The Internal Cirulation of the Eye
Some time before birth, the lens of the eye ceases to have a blood supply and depends on the lens muscle to make a special watery fluid. This fluid provides the lens’ cells with nutrients and an oxygen substitute. The million or so lens cells are contained in a very thin membrane much like a bag of cellophane or "handiwrap". This fluid flows to and around the lens giving its cells nourishment and then flows forward through the pupil toward the cornea. It leaves the eye through a microscopic drain where the cornea and iris meet to form an angle.
Glaucoma
One of the most frequently asked questions in an eye doctor's office is "What is glaucoma?" Glaucoma is a group of conditions in which the drain for this watery fluid (see above) is blocked by any of various means, resulting in a higher than normal pressure inside the eye. Thus Glaucoma is a group of conditions in which tissues of the eye become damaged by this higher than normal pressure. This results further in damage to the optic nerve and the surface nerves of the retina. Finally, the width and depth of one's vision is affected, resulting in visual field defects or constriction.
Glaucoma results in vision loss, which can occur with or without elevated intraocular pressure. Most types of glaucoma do not give a patient any clue to their condition because they are painless and without symptoms. One usually does not notice any loss of vision until very late in the disease when a large portion of visual field has already been lost. This is because the central sharp vision is the last to be affected. Since the sharp vision is what we most depend on, we generally don’t notice the loss of peripheral vision readily. This is especially true when the other eye helps cover for the most affected eye by seeing an area of visual field missed by the more severely damaged eye. The visual loss is due to damage to the optic nerve and is irreversible. Whatever vision is lost cannot be recovered by treatment.
When examining the eye, the anterior chamber angle, formed by the iris and the cornea contains the trabecular meshwork, where the watery fluid made by the lens muscle drains from the eye. Glaucoma can be classified into three groups of disorders: those with open angles; those with closed angles; and those with growth of blood vessels in the angle - which produces an irreverible scar.
In open-angle glaucoma, the mechanism of raised intraocular pressure is microscopically impaired outflow of aqueous humor within the drainage system; the drain itself is open.

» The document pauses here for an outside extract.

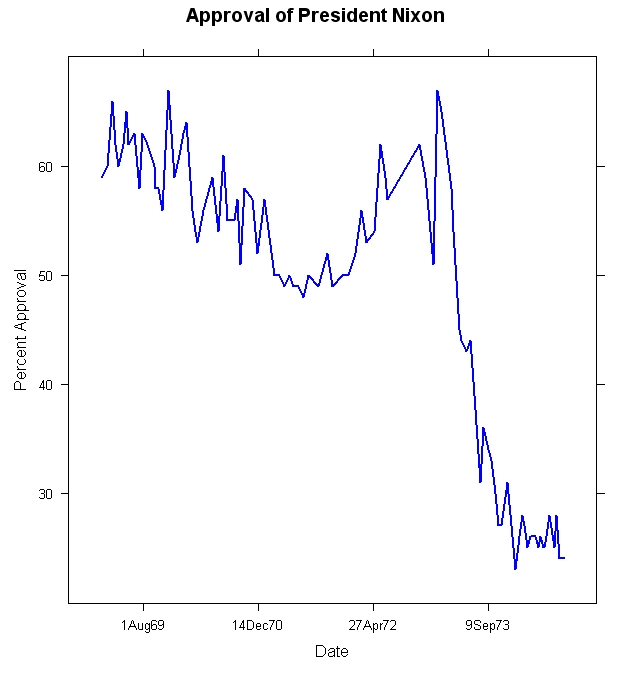 The previous example was not entirely data sonification; the data source itself was sound. Let's look at an example where numeric data is converted into sound. The chart below shows the approval ratings of President Richard Nixon until his dramatic resignation from the presidency.

However, not all forms of open-angle glaucoma have elevated intraocular pressure. In low-tension glaucoma, intraocular pressure plays a small role in the progression of the disease, and the pressure may actually be below normal. In the open-angle and low-tension glaucomas, the patient usually has no symptoms until damage to the optic nerve is marked. The vision loss is slowly progressive and usually painless.
Primary open-angle glaucoma is the most common form of glaucoma in America and Europe. It is open-angle glaucoma wherein no particular reason for blockage of the drainage angle can be found. The risk factors for developing primary open-angle glaucoma are advanced age, family history of glaucoma, elevated intraocular pressure, highly pigmented skin, myopia (nearsightedness), and systemic diseases such as diabetes, hypertension, and cardiovascular disease. Secondary forms of open-angle glaucoma exist as well in which the drainage system becomes clogged with various substances that can be identified, such as pigment (dispersion) and pseudoexfoliation.

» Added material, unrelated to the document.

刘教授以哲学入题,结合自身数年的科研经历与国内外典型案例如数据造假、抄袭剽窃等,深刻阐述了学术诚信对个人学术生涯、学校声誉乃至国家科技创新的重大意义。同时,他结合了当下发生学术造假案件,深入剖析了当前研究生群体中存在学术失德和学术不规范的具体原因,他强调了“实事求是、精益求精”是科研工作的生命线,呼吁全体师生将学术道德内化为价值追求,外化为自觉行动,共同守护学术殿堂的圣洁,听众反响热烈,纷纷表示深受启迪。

In acute primary angle-closure glaucoma, the flow of aqueous humor out of the eye is physically blocked by the iris. The iris, which rests abnormally close to the cornea, becomes adherent to the trabecular meshwork (drain). This results in elevated intraocular pressure, and the patient typically has excruciating pain, redness, blurred vision, and in some cases, nausea. Halos may be seen around lights. Blindness can occur within a few hours to a couple of days. There are also several forms of secondary angle-closure glaucoma, where iris tissue blocks the angle as a consequence of another preexisting ocular disease.
Elevated intraocular pressure is still considered a key feature of glaucoma even though it is not considered essential to its diagnosis. Intraocular pressure remains the one risk factor that can be modified, and glaucoma treatment is aimed at lowering the intraocular pressure. This can be accomplished through medications, laser treatment, or surgery. Medications work to decrease the intraocular pressure by either decreasing the amount of aqueous humor that is produced inside the eye or by increasing the ability of the aqueous humor to flow out of the eye. Laser can be used to treat both the open-angle and angle-closure forms of glaucoma. In open-angle glaucoma, laser spots are directed at the trabecular meshwork to facilitate flow through the drainage system. Laser can be used to treat angle-closure glaucoma by making a hole in the iris. This enables the pressure to equalize on both sides of the iris and allows the iris to move away from the trabecular meshwork, opening the angle. Surgery to bypass the drainage system is recommended in cases that do not respond to medical treatment.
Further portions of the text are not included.